One by one, the great franchises of yesteryear are offered up to please the eldritch pact made with nostalgia.  Now it is The Matrix’s turn. The coolest movie of 1999 became the most divisive trilogy until somehow Palpatine returned, and now filmmaker Lana Wachowski returns again to the world she created with her sister so long ago.

While the movie sidesteps the obvious potential joke title of The Matrix Rebooted in favor of Resurrections, a central concept to the story, it is nonetheless very self-aware that it is a distant sequel following a popular trilogy. The first act is especially littered with many jokes underlining that detail, centered around Thomas Anderson, the Matrix identity of Keanu Reeves’s Neo, who is working on the fourth video game in a series he created. There’s even a moment that may nod toward the truth of the genesis of the movie itself; Jonathan Groff, who plays Mr. Anderson’s business partner, states that Warner Brothers wanted to go forward with another installment regardless of their involvement. One has to wonder if this moment is a sincere tip of the hat from Lana Wachowski. A declaration that she’s only here to avoid watching someone else try to tackle their world.

A still from the Matrix Resurrections shows Keanu Reeves as Neo in shadow walking towards a coffee shop called Simulatte
Warner Bros.

This air of cleverness, the self-awareness of what is happening, hovers over the entirety of the film. While the original Matrix films had their comedic moments, it’s a bit surprising how many of the events of Resurrections play for laughs. Too many, to be quite honest. Like many of these contemporary retreads of popular stories, Resurrections is weakest when it favors the originals over its own new story. The movie introduces a fun concept to justify many of the new faces in the cast and explain away the absences of those who haven’t returned. But it quickly turns into a tiresome gimmick. At first, it’s an interesting method for making the audience question the story but devolves into a carousel of recycled characters from the previous trilogy.

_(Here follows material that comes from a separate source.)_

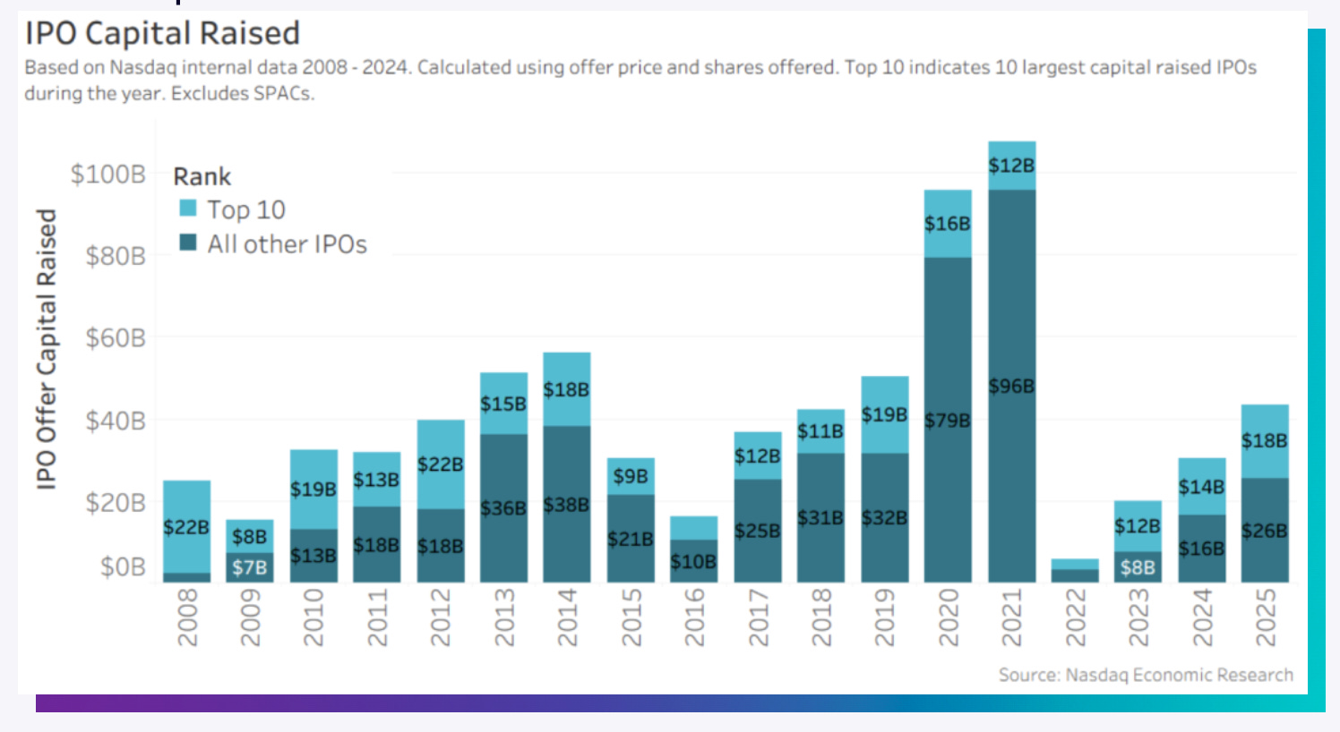 The IPO market also improved from the past few years, as the 354 total new public offerings far surpassed the 218 and 145 in 2024 and 2023 respectively. $44B was raised by non-SPAC offerings, compared with $30B and $20B in the two previous years, with healthcare company Medline winning the gold medal after raising $6.26B in their IPO. Although the capital raised through public markets in 2025 don’t come close to 2021 figures, it was still significant enough to surpass every year between 2015 and 2018.

If all this is an attempt to satirize the concept of reboots, which dialogue early in the film suggests it may well be, it does so at the expense of everything new that does exist in the film. The real world that a redpilled Neo awakens into is now mired in a new conflict, one that is as much machine against machine as against humans, but it doesn’t ever clarify what that conflict is. There are many moments in the film where it’s not clear who the villain actually is. A pair of opposed adversaries torment Neo but what their actual goals are, the who or what they ultimately serve, remains unclear even in a movie full of the franchise’s trademark exposition dump speeches.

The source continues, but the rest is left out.